一种基于智能手机的秀 丽隐杆线虫 草坪回避测定成像方法
Summary
本文介绍了一种简单、低成本的方法来记录 秀丽隐杆线虫的草坪回避行为,使用智能手机和发光二极管 (LED) 灯箱等现成的物品。我们还提供了一个 Python 脚本,将视频文件处理成更适合计数的格式。
Abstract
当暴露于有毒或致病细菌时,线虫秀 丽隐杆线 虫表现出习得的草坪回避行为,其中蠕虫逐渐离开其食物来源并宁愿留在细菌草坪之外。该测定是测试蠕虫感知外部或内部线索以正确应对有害条件的能力的简单方法。虽然检测方法简单,但计数非常耗时,尤其是对于多个样品,并且跨夜的检测持续时间对研究人员来说很不方便。可以长时间对许多板进行成像的成像系统很有用,但成本很高。在这里,我们描述了一种基于智能手机的成像方法来记录 秀丽隐杆线虫的草坪回避。该方法只需要一部智能手机和一个发光二极管(LED)灯箱作为透射光源。使用免费的延时相机应用程序,每部手机最多可以成像六个板,具有足够的清晰度和对比度来手动计数草坪外的蠕虫。生成的电影在每个小时时间点被处理成 10 秒的音频视频交错 (AVI) 文件,然后裁剪以显示每个单板,使其更适合计数。对于那些希望检查回避缺陷的人来说,这种方法是一种具有成本效益的方法,并且有可能扩展到其他 秀丽隐杆线虫 测定。
Introduction
在研究秀丽隐杆线虫的众多优点中,其简单的神经系统为研究遗传和细胞水平的变化如何影响网络功能和行为输出提供了机会。尽管神经元数量有限,秀丽隐杆线虫表现出广泛的复杂行为。其中之一是避免草坪,其中细菌线虫通过离开细菌草坪来响应有害食物来源。秀丽隐杆线虫避开致病细菌1,2,3 的草坪、产生毒素或掺有毒素的细菌草坪1,4,甚至是表达 RNAi 的细菌,其靶基因敲低对蠕虫的健康有害4,5。研究表明,蠕虫对外部线索做出反应,例如致病菌产生的代谢物1,6,或表明食物使它们生病的内部线索4,7。这些线索通过保守的信号通路处理,例如丝裂原活化蛋白激酶(MAPK)通路和转化生长因子β(TGFβ)通路,并且需要肠道和神经系统之间的通信4,6,7,8。

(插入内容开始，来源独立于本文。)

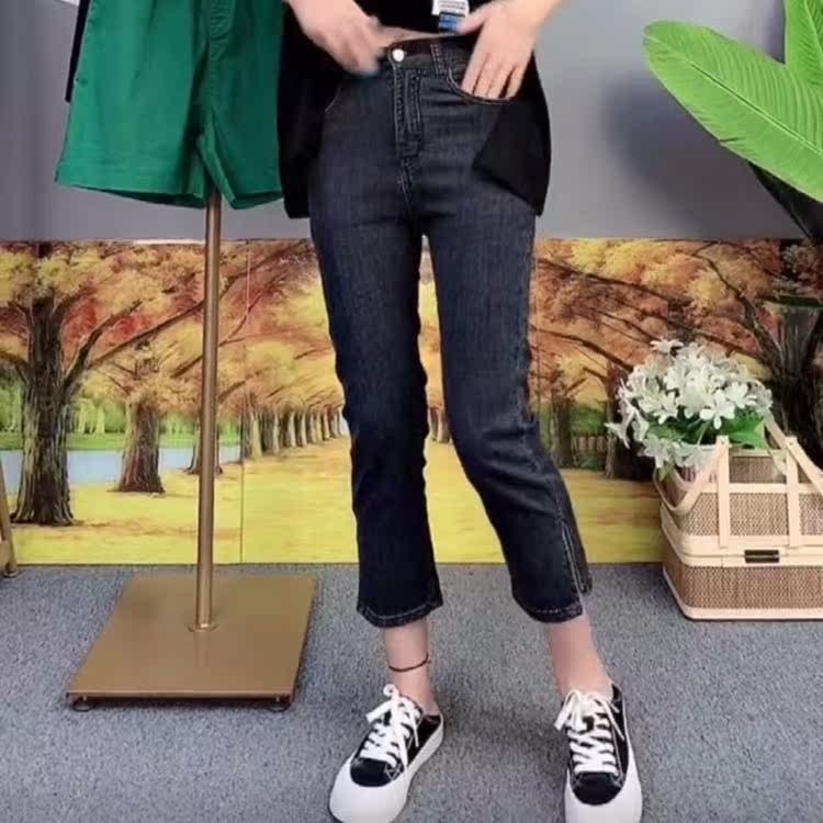 高腰显瘦紧身设计感微喇八分直筒裤新品2021不规则侧开叉牛仔裤女热门设计联盟服务商
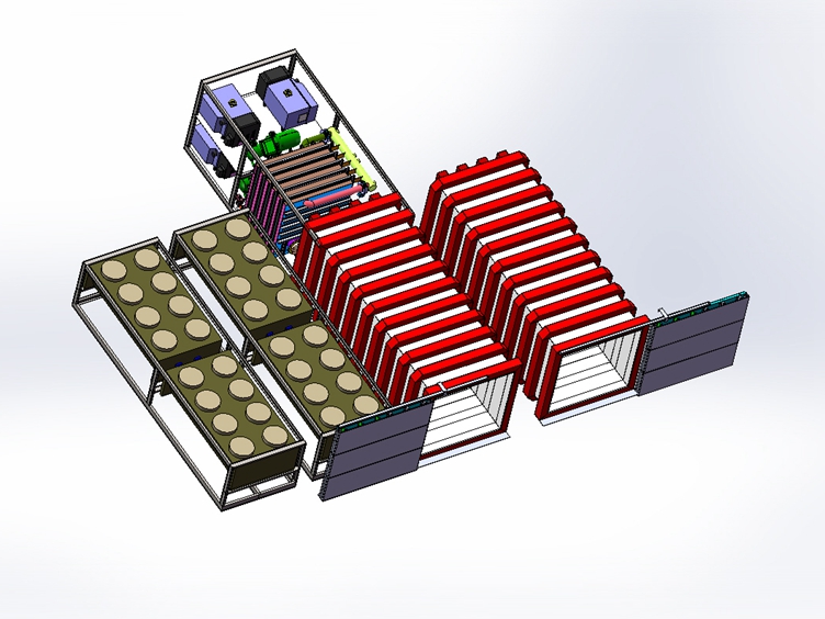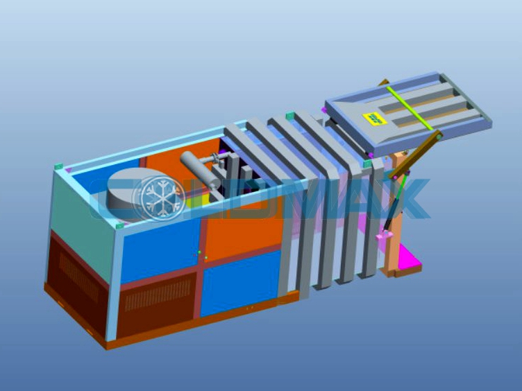 主要考慮將設(shè)備預(yù)冷的時間充分利用,提高設(shè)備系統(tǒng)的使用率;考慮在一個箱體進(jìn)行預(yù)冷時一個箱體進(jìn)出貨,交叉運(yùn)行提高效率;此方案主要針對中小型設(shè)備的使用;

虽然测定很简单,但学习行为会在几个小时内发展,通常是在一夜之间。虽然有些突变体无法离开,在这种情况下,仅在一个时间点回避得分就足以证明缺陷,但许多突变体最终会离开,但出来的速度较慢。对于这些,需要每隔几个小时跟踪一次蠕虫的运动,这可能很难在一夜之间完成。计数本身也需要时间,在板之间产生滞后时间,从而限制了可以同时测试的板的数量。在整个测定过程中使用成像设置同时记录许多板将非常有用,但设置成本可能令人望而却步,具体取决于研究实验室的资金情况。

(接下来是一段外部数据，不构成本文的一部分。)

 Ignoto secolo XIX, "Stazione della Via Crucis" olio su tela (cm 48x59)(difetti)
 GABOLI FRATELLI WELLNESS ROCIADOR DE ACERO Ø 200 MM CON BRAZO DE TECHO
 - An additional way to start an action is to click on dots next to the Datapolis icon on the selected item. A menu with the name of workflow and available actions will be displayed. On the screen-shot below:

为了解决这个问题,我们设计了一种非常简单的方法,使用智能手机记录回避测定。每部手机可以录制多达六个检测板的延时视频。为了提供透射光,我们使用可以在线轻松购买的发光二极管(LED)灯箱。检测板放置在高架平台上,由空心矩形隧道支撑,聚焦入射光,产生对比。我们还提供了一个 Python 脚本,可将视频转换为音频视频交错 (AVI) 文件,显示每小时 10 秒的剪辑。然后将视频裁剪到单独的板上,并保存在单独的文件中,以用于手动计数。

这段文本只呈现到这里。